Salient Object Subitizing
This work addresses the challenge of quickly estimating salient object counts in images, which is incremental as it builds on existing CNN methods with a new dataset and synthetic training enhancements.
The paper tackles the problem of predicting the existence and number of salient objects in images using holistic cues, achieving prediction accuracy comparable to human performance for zero or one object and better-than-chance performance for multiple objects without localization.

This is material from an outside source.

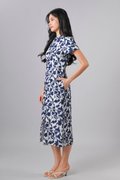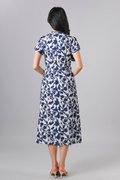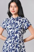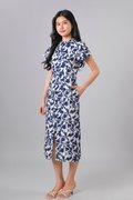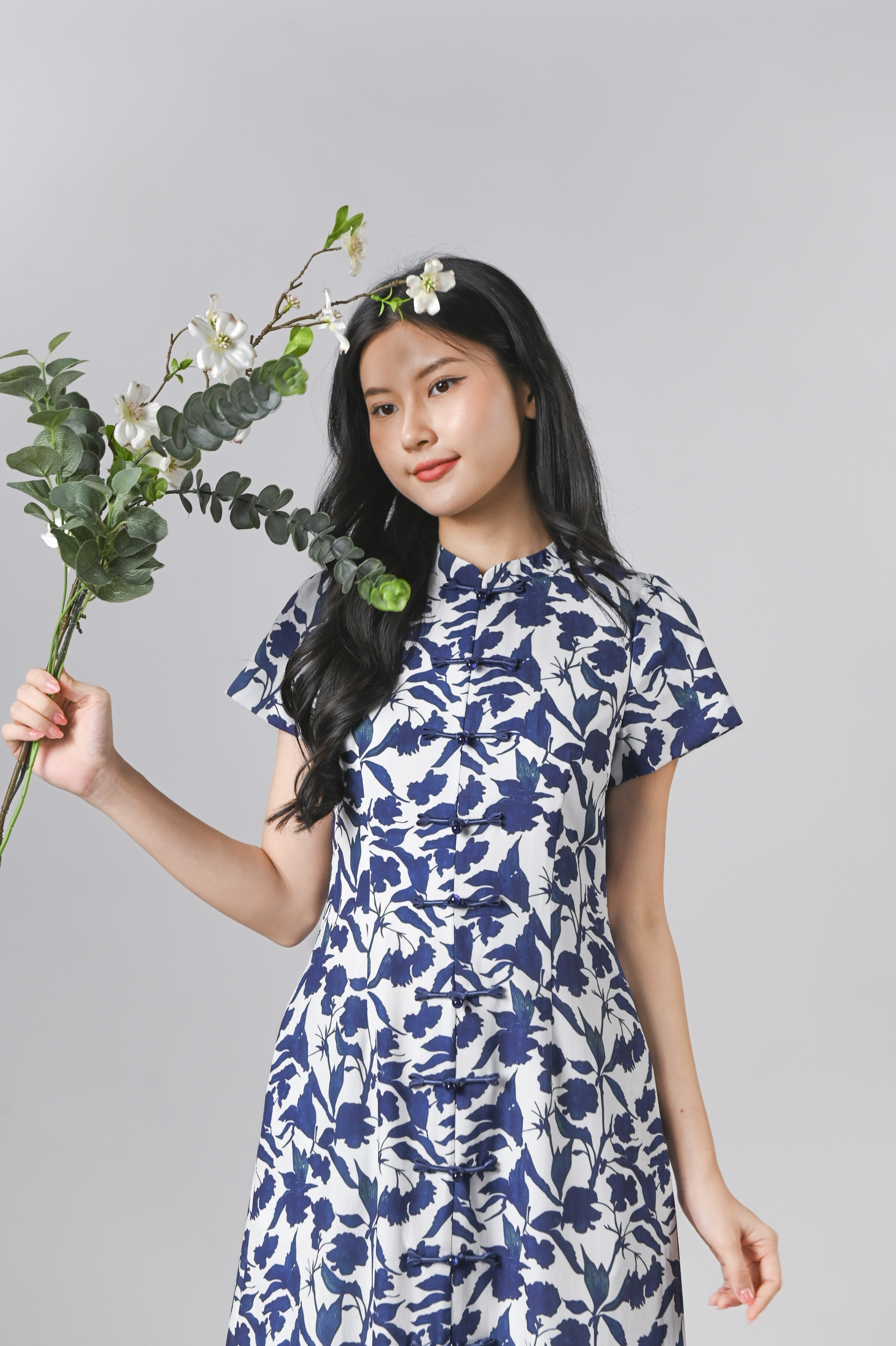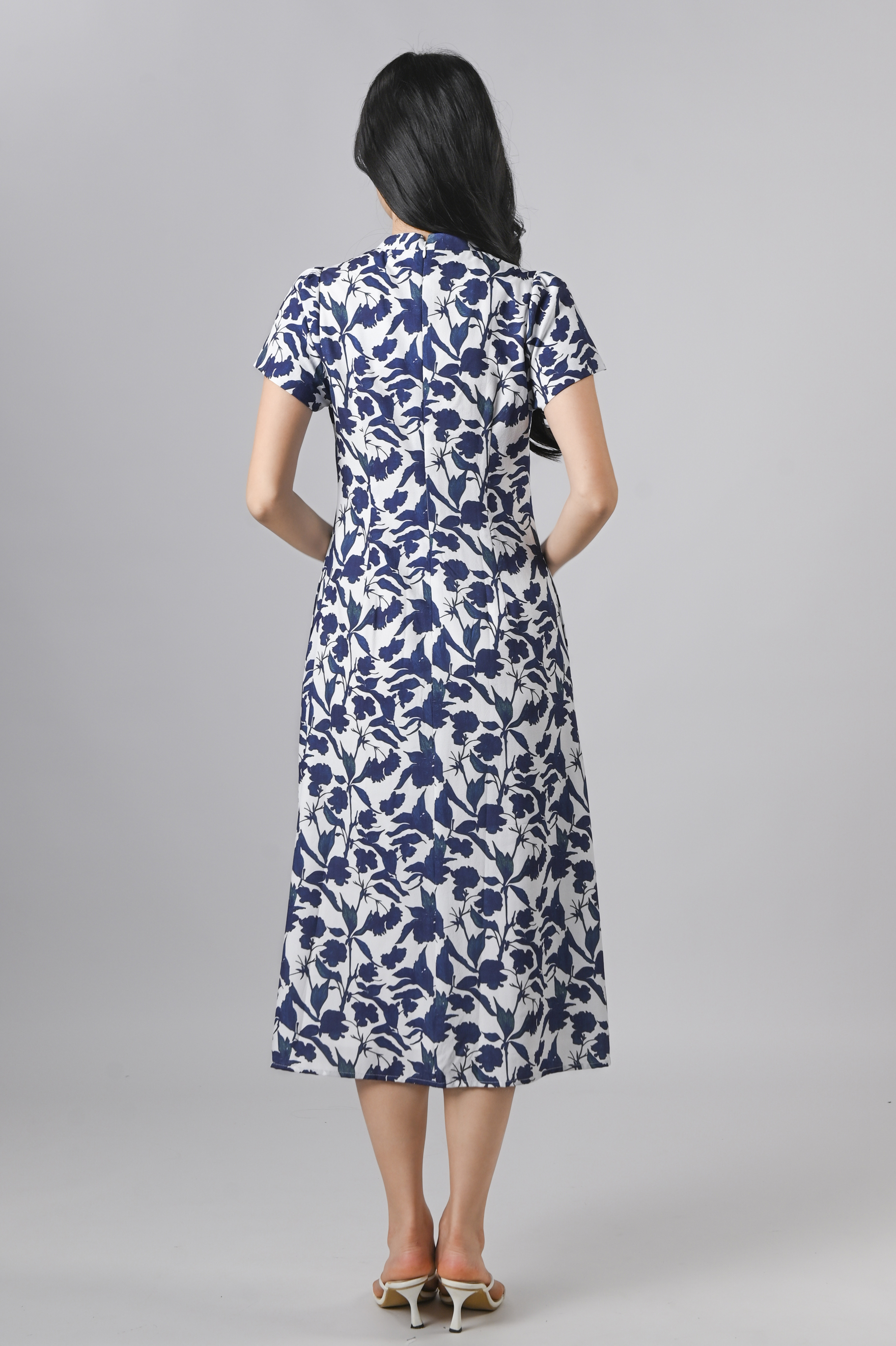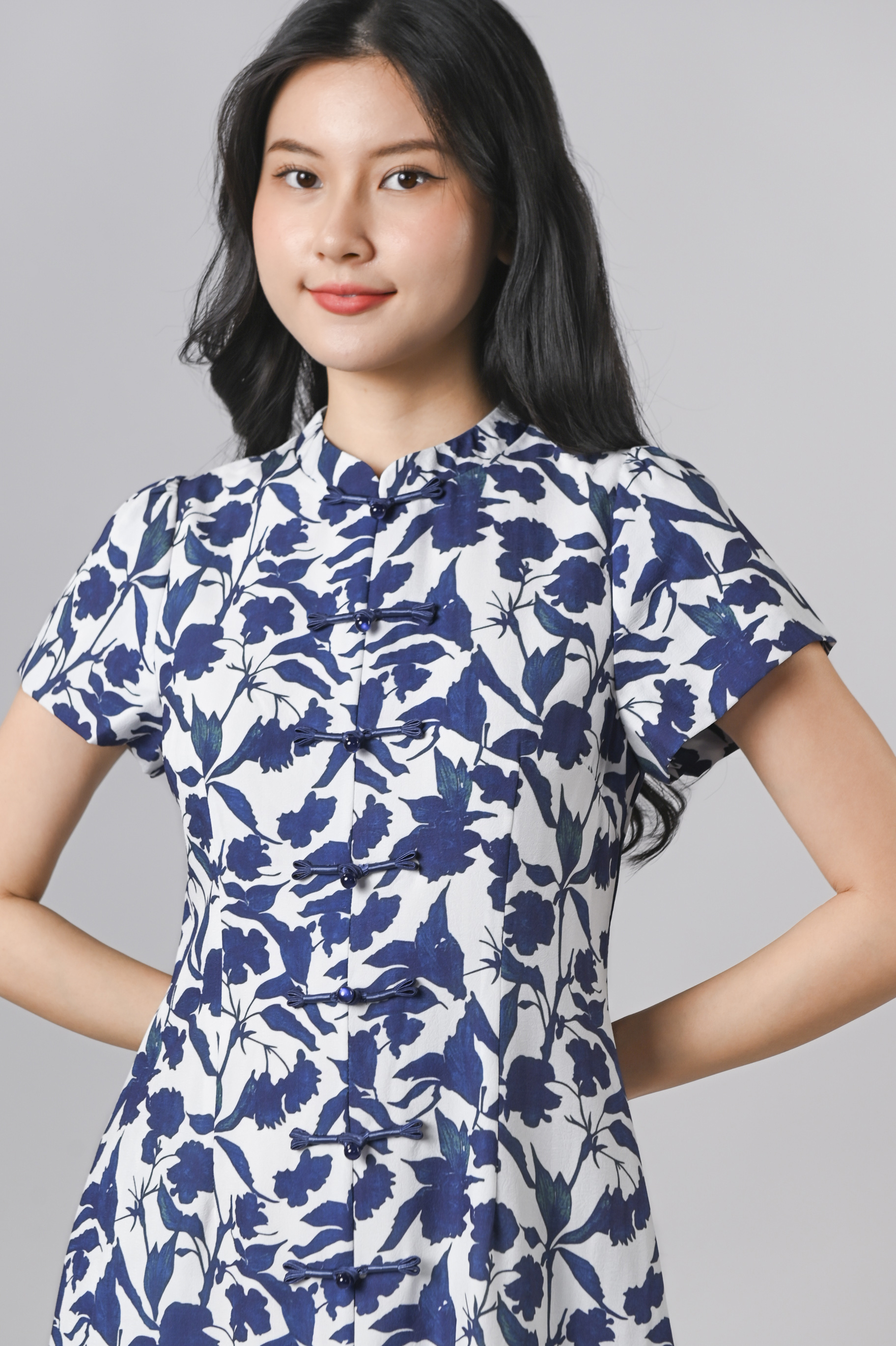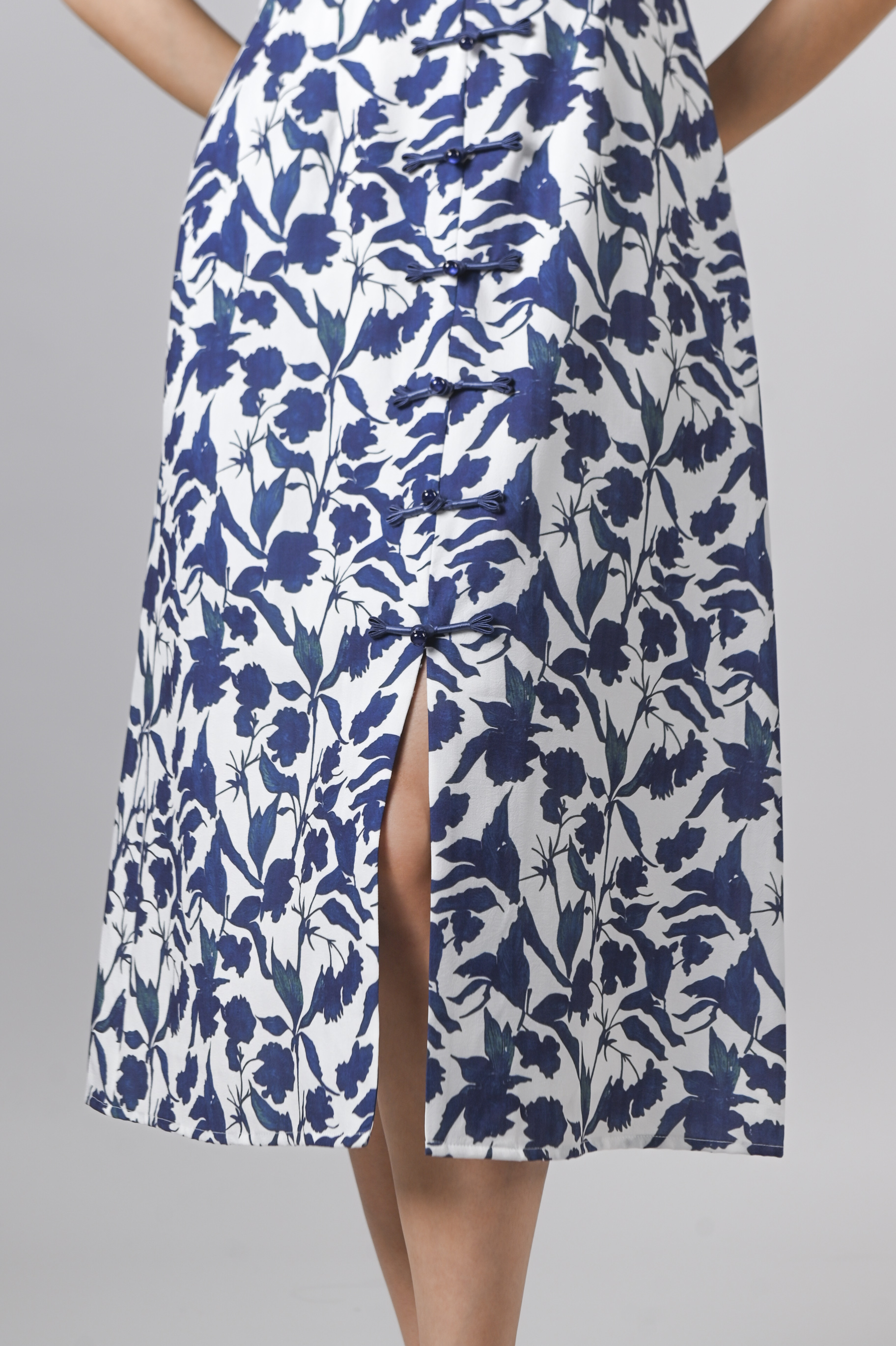 QIANQIAN WHITE-BLUE FLORAL SLEEVED CHEONGSAM DRESS

We study the problem of Salient Object Subitizing, i.e. predicting the existence and the number of salient objects in an image using holistic cues. This task is inspired by the ability of people to quickly and accurately identify the number of items within the subitizing range (1-4). To this end, we present a salient object subitizing image dataset of about 14K everyday images which are annotated using an online crowdsourcing marketplace. We show that using an end-to-end trained Convolutional Neural Network (CNN) model, we achieve prediction accuracy comparable to human performance in identifying images with zero or one salient object. For images with multiple salient objects, our model also provides significantly better than chance performance without requiring any localization process. Moreover, we propose a method to improve the training of the CNN subitizing model by leveraging synthetic images. In experiments, we demonstrate the accuracy and generalizability of our CNN subitizing model and its applications in salient object detection and image retrieval.